The second distinction sought to be made, that in the Engels and Nathanson cases the city was not, as to the patient being visited, maintaining a charity, is without basis. Plaintiff at the time of the injury was not a recipient of charity. She was paying for her medical care by her services. She was more than a visitor; she was there in her own right. (Cf. N.Y. City Charter, § 587, effective January 1, 1938.) In the fifth paragraph of the amended complaint plaintiff alleges the making of a contract with Bellevue Hospital under the terms of which she was to render services as a nurse in return for which she was to receive "a salary of $90.00 per month with board and maintenance and proper medical and surgical attention." That was admitted by the answer. Whether Bellevue Hospital is or is not for some purposes operated by the city in its governmental capacity is beside the point. The city was in this instance performing the terms of a contract which it admits in its answer. Presumably the city derived some benefit from the contract. Undoubtedly, if part of plaintiff's compensation had not been board, maintenance and proper medical and surgical attention, the salary which the city would have had to pay would have been more than ninety dollars per month.

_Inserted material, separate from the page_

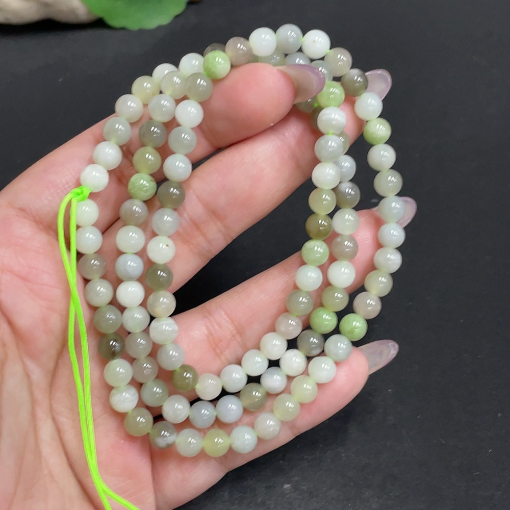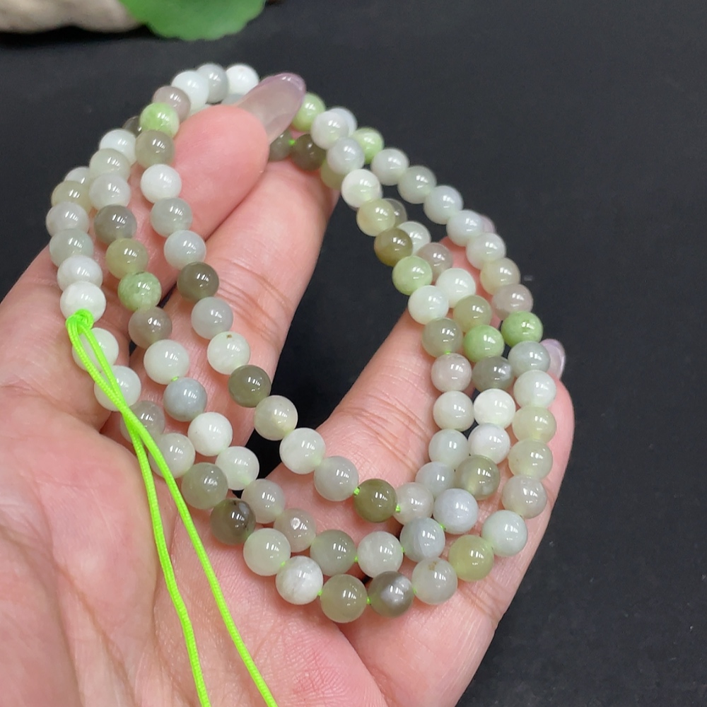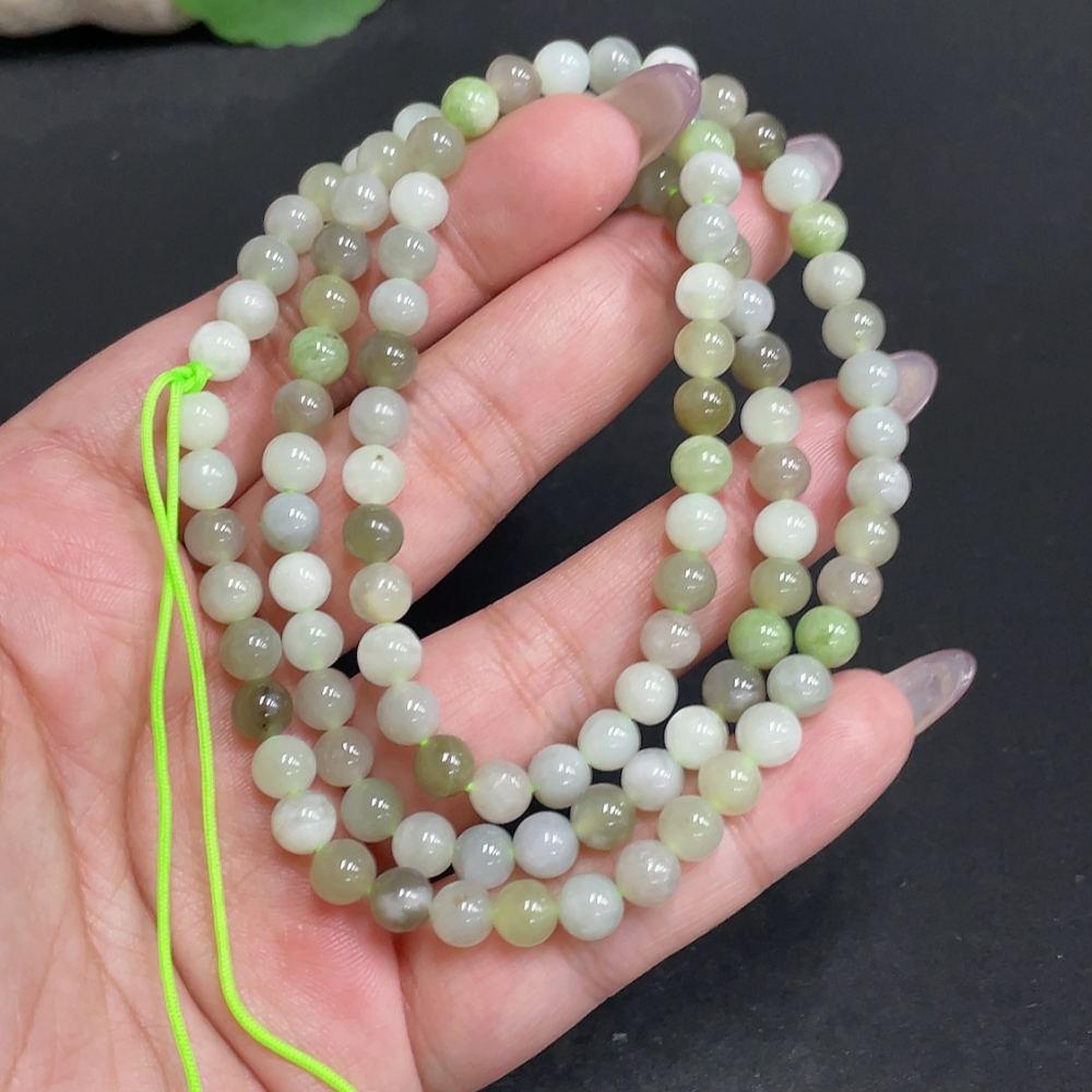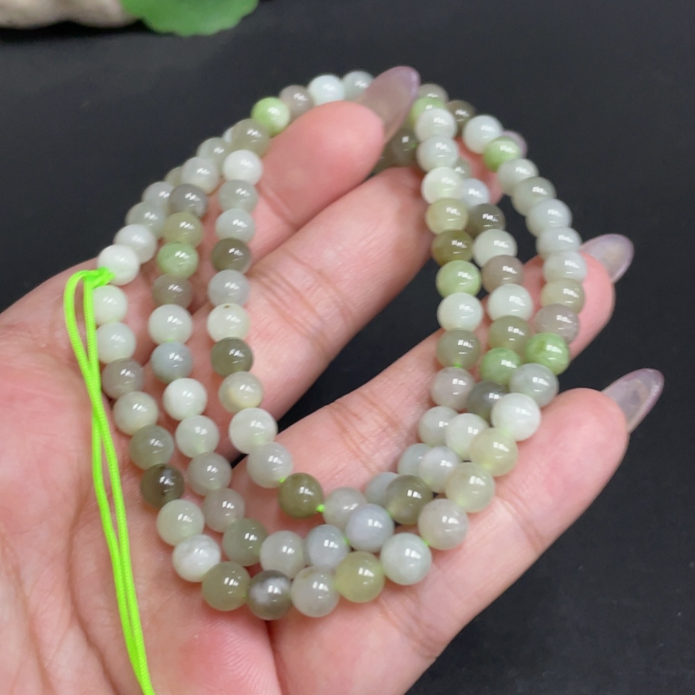 Hetian Jade Bead Necklace, Approx. 5.7 mm, Total Weight Approx. 34.6g, Contains Other Mineral Components

Nor is it apparent how the operation and maintenance of the nurses' infirmary was a governmental function. When the city acts to protect the health of its citizens and *287 furnish medical and surgical treatment to those who cannot pay therefor, it is engaged in a governmental function. Here the infirmary was open only to nurses. The public was not admitted nor treated. It cannot be said that the operation of the infirmary was for the protection of the public's health. It was operated, as far as plaintiff is concerned, in the performance of a contractual duty, not a governmental obligation.
The judgment of the Appellate Division should be reversed and that of the Trial Term affirmed, with costs in this court and in the Appellate Division.
Dissenting Opinion
The plaintiff's injury, according to the allegations of the complaint and the evidence introduced to prove these allegations, was the result of negligent treatment administered by the hospital as required by the terms of the contract of employment made by the hospital with the plaintiff. It seems to me entirely clear that such an injury arises out of and in the course of the plaintiff's employment and that the remedy afforded by the Workmen's Compensation Law is there exclusive. Even assuming that the pleadings do not permit the defendant to urge that the plaintiff's exclusive remedy is for compensation under the Workmen's Compensation Law, the plaintiff has failed, I think, to establish any cause of action against the defendant for damages caused by the negligence of its employees, for the only negligence which may have been the proximate cause of the injury was the negligence of the nurse in administering the drug.
The judgment should be affirmed.
LOUGHRAN, FINCH, RIPPEY and LEWIS, JJ., concur with CONWAY, J.; LEHMAN, Ch. J., dissents in opinion in which SEARS, J., concurs.